When does this end? Tom’s guess is “when the Fed’s inflation of the money supply turns into actual consumer price inflation.”

 

Source:
Full-On Panic Into T-Bonds
Tom McClellan
McClellan Market Report, June 01, 2012  
http://www.mcoscillator.com/learning_center/weekly_chart/full-on_panic_into_t-bonds/

Category: Fixed Income/Interest Rates, Valuation

Please use the comments to demonstrate your own ignorance, unfamiliarity with empirical data and lack of respect for scientific knowledge. Be sure to create straw men and argue against things I have neither said nor implied. If you could repeat previously discredited memes or steer the conversation into irrelevant, off topic discussions, it would be appreciated. Lastly, kindly forgo all civility in your discourse . . . you are, after all, anonymous.

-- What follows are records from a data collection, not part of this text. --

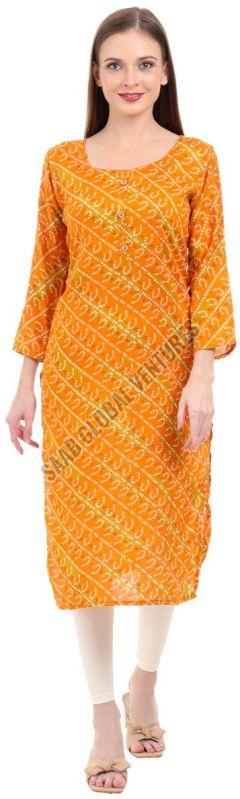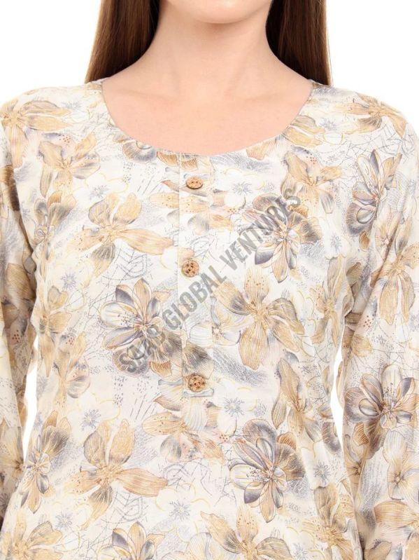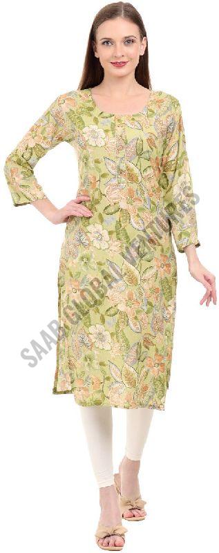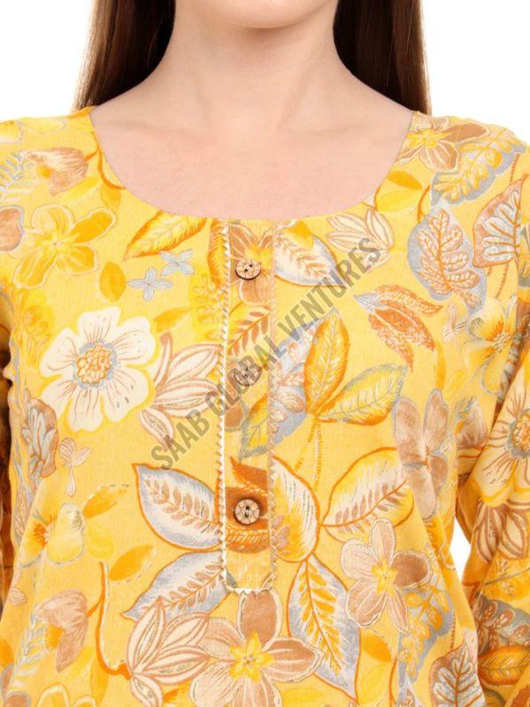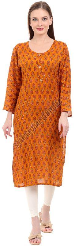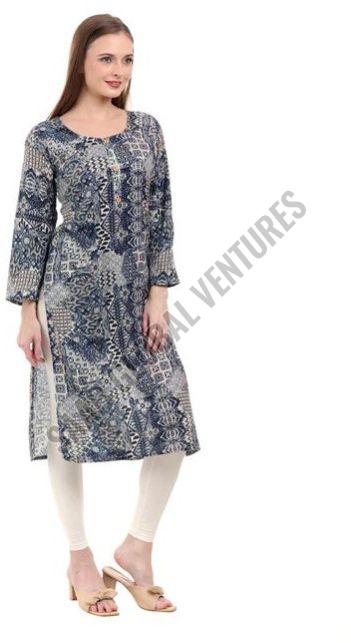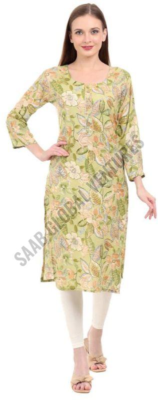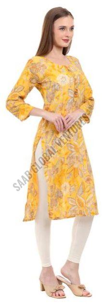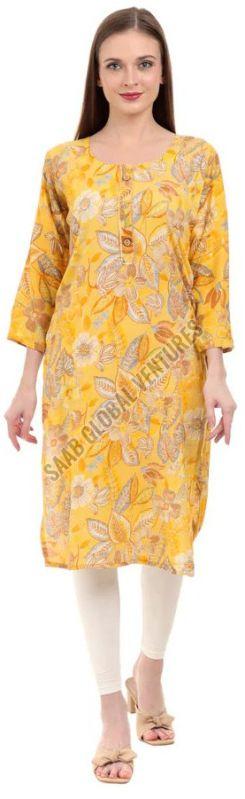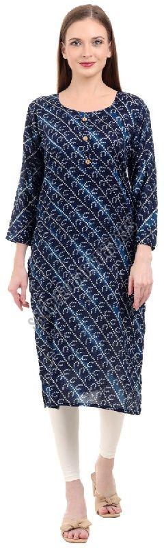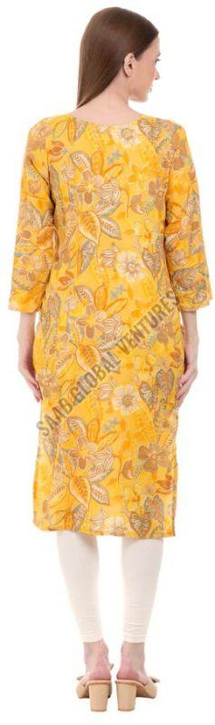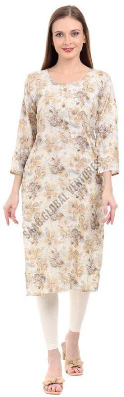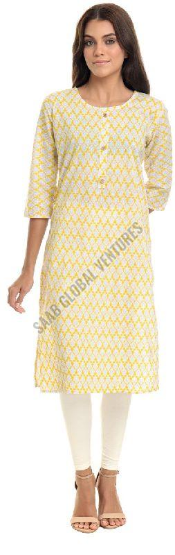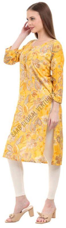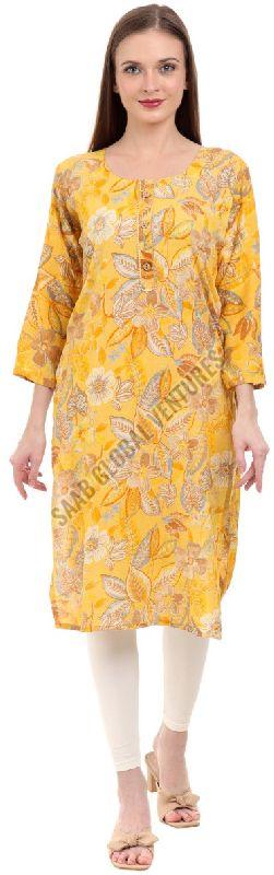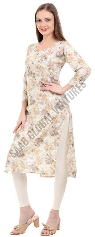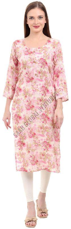 Designed with three-quarter sleeves and a classic round neck, this kurti is perfect for women who appreciate understated beauty and breathable comfort — whether for daily wear, office dressing, or relaxed weekend outings. Its light fabric and gentle hues make it a refreshing choice for warm-weather days.
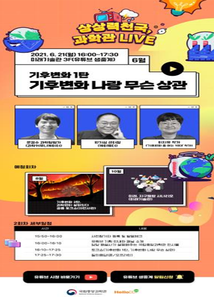 「상상력천국, 과학관생방송(Live)」는 6.21. 오후 4시부터 90분 동안 유튜브 채널 ’국립중앙과학관‘에서 생중계(라이브)로 방송될 예정이며, 실시간 채팅에 참여 후 응모한 관객을 대상으로 추첨을 통해 상품을 제공하는 행사(이벤트)도 마련되어 있다.
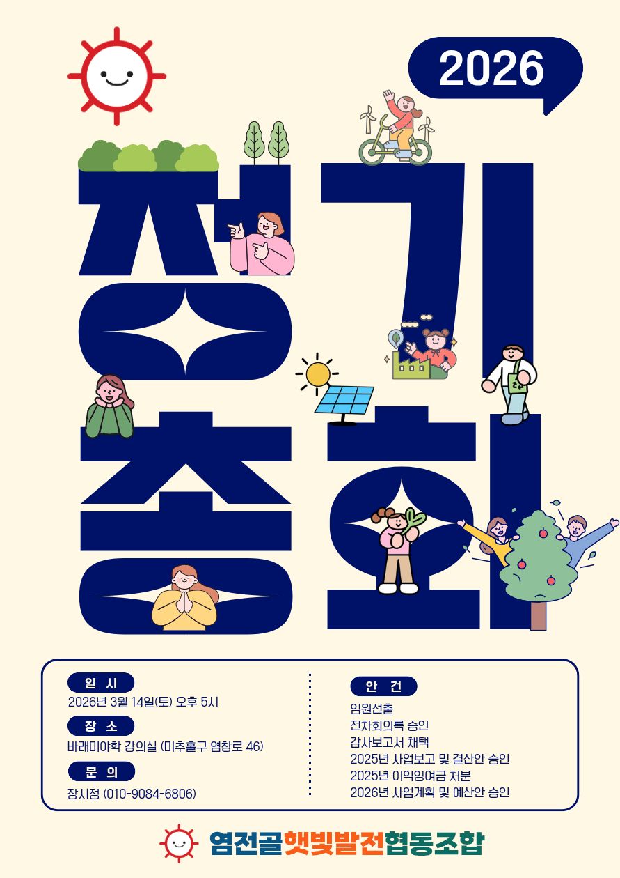 염전골햇빛발전협동조합 2026년 총기총회를 다음과 같이 공고합니다.
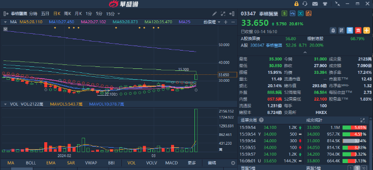 - 市场消息称,港股医药股近期暴涨,主要是受到市场流传一份《关于全链条支持创新药发展实施方案的征求意见稿》,其核心在于通过政策引导和支持,全面促进创新药的研发、审批、使用和支付等关键环节。不过,这份文件并未获得官方证实。泰格医药周内更是涨超32%。
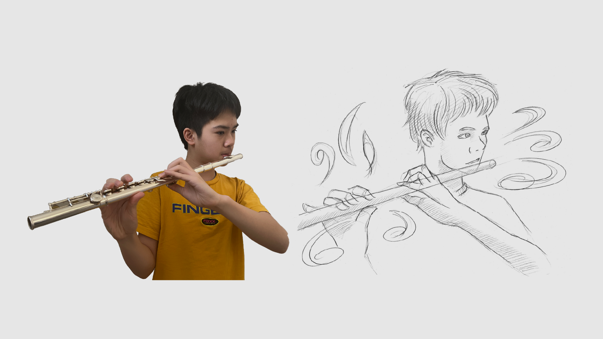 I chose the theme of “playing flute” and used my son as the model. I captured a still frame from a short mobile video to check if the motion was suitable. Then I traced one drawing by hand (and scanned) to test the pencil sketch style. I also experimented with dry-paint brushes to evaluate which line quality could express the mood better before committing to the full rotoscoping process.

22 Responses to “How Expensive Are US Treasury Bonds?”

  1. sellstop says:

    We can’t seem to BUY inflation. I remember when we were all scare of the effects of wage inflation. But we won that war!

    A good book: “From Financial Crisis to Stagnation” by Palley

    Killing labor means we can’t get the money to the people anymore.

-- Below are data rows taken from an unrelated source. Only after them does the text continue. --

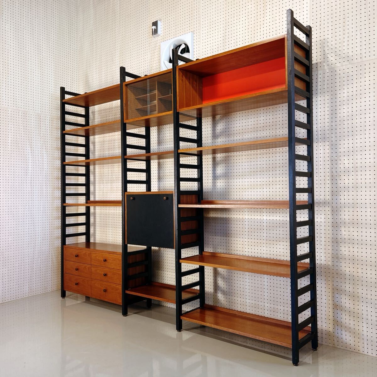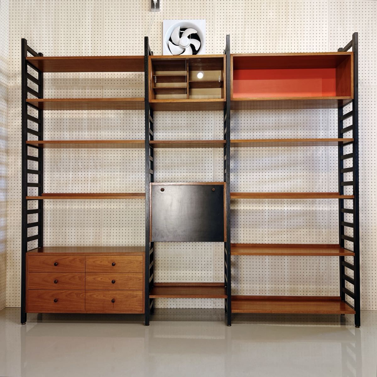 ヴィンテージ70年代頃の、日本製ヴィンテージチーク材ユニットシェルフ3列です。
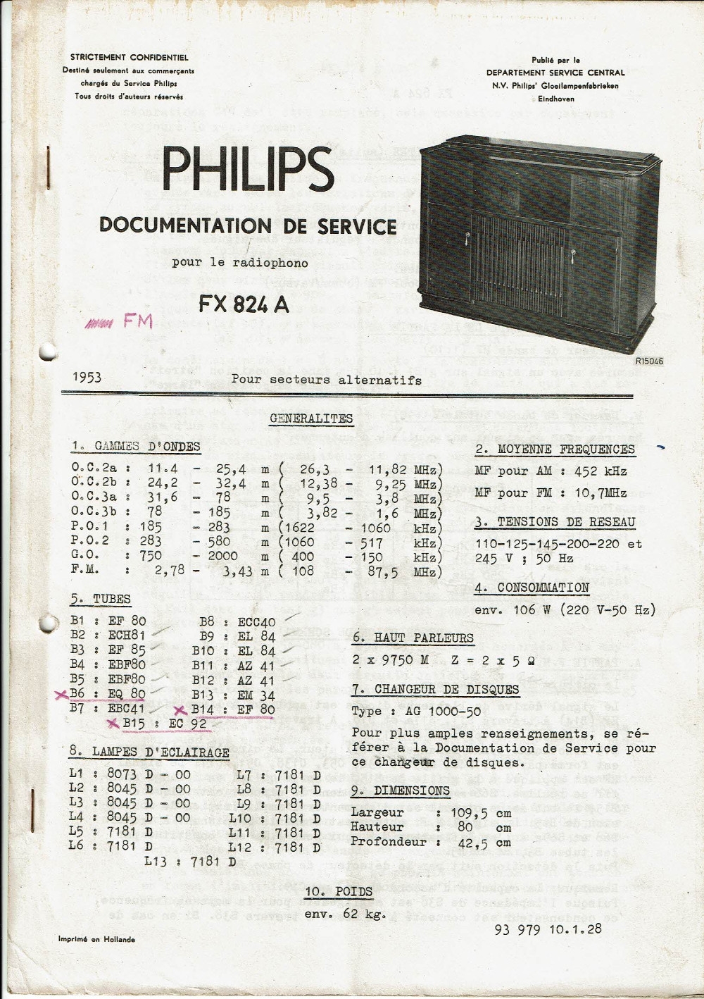 Philips FX 824 A Manuel de service
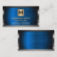 Dark Metallic Frame | Blue Metallic Background Business card.
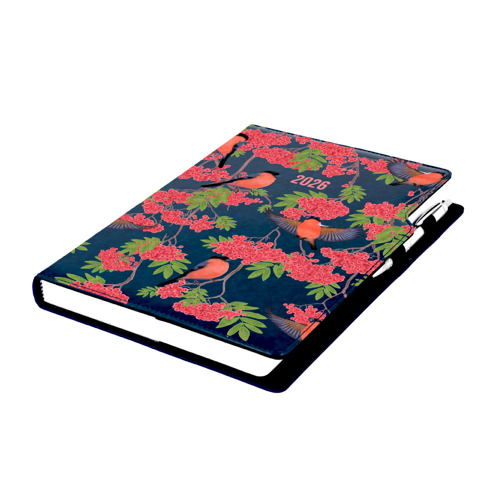 Diár obsahuje: okrúhle odtrhávcie rožky, bielu záložku a pero
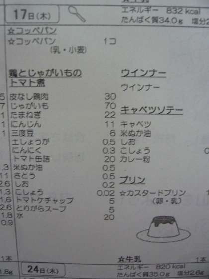 本日の献立は、コッペパン、鶏とじゃがいものトマト煮、ウインナー、キャベツソテー、プリン、牛乳です。
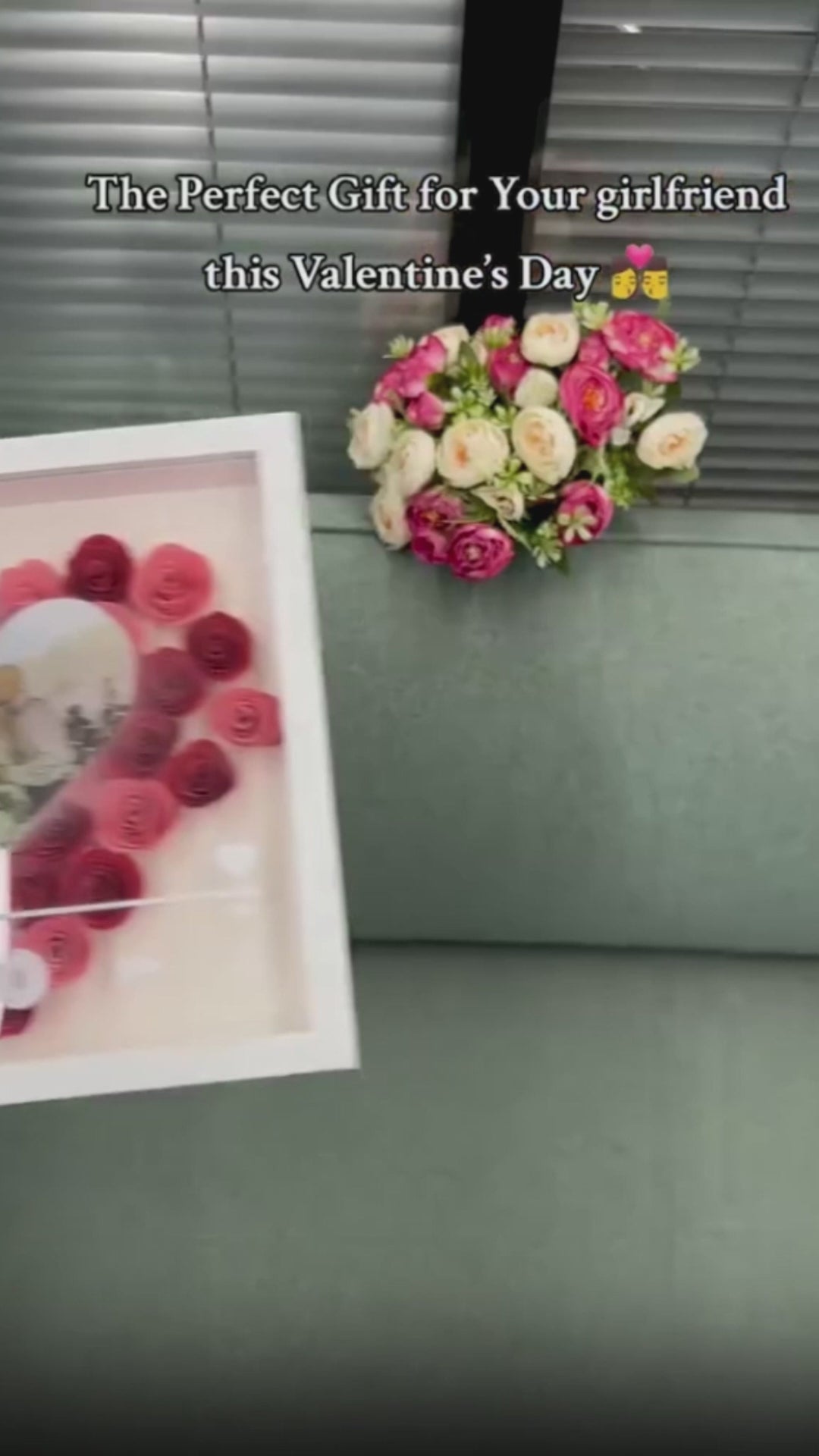 This heart-shaped flower shadow box contains hand-rolled PE foam flowers in various shades.

    http://ghickeyblog.blogspot.com

    gh

  2. ToNYC says:

    “when the Fed’s inflation of the money supply turns into actual consumer price inflation.”

    And that actual CPI is being most keenly experienced in services rendered by individuals ,i2i, or p2p, and last “noticed” by institutional and corporate metrics. The meaning is evolution and moving along regardless of any individual need for any particular meaning .

  3. ConscienceofaConservative says:

    Jeff Grundlach has a great quote on treasuries, at these near zero he compares it to getting a suit case full of cash at maturity. If you’re not getting paid to lend out money to the U.S. Treasury , why not just hold the suit case of cash yourself now?

  4. Woj says:

    Treasury yields are ultimately the average of expected short-term rates over the duration of the bond. Apart from the Fed expecting to hold rates near zero through 2014, the change in monetary policy to paying IOR may allow the Fed funds rate to remain near zero far longer. As expectations for indefinitely low rates get pushed out further, yields will continue to fall. 2% on the 30-year seems like a reasonable target, but at current rates that makes buying long-term Treasuries not especially attractive.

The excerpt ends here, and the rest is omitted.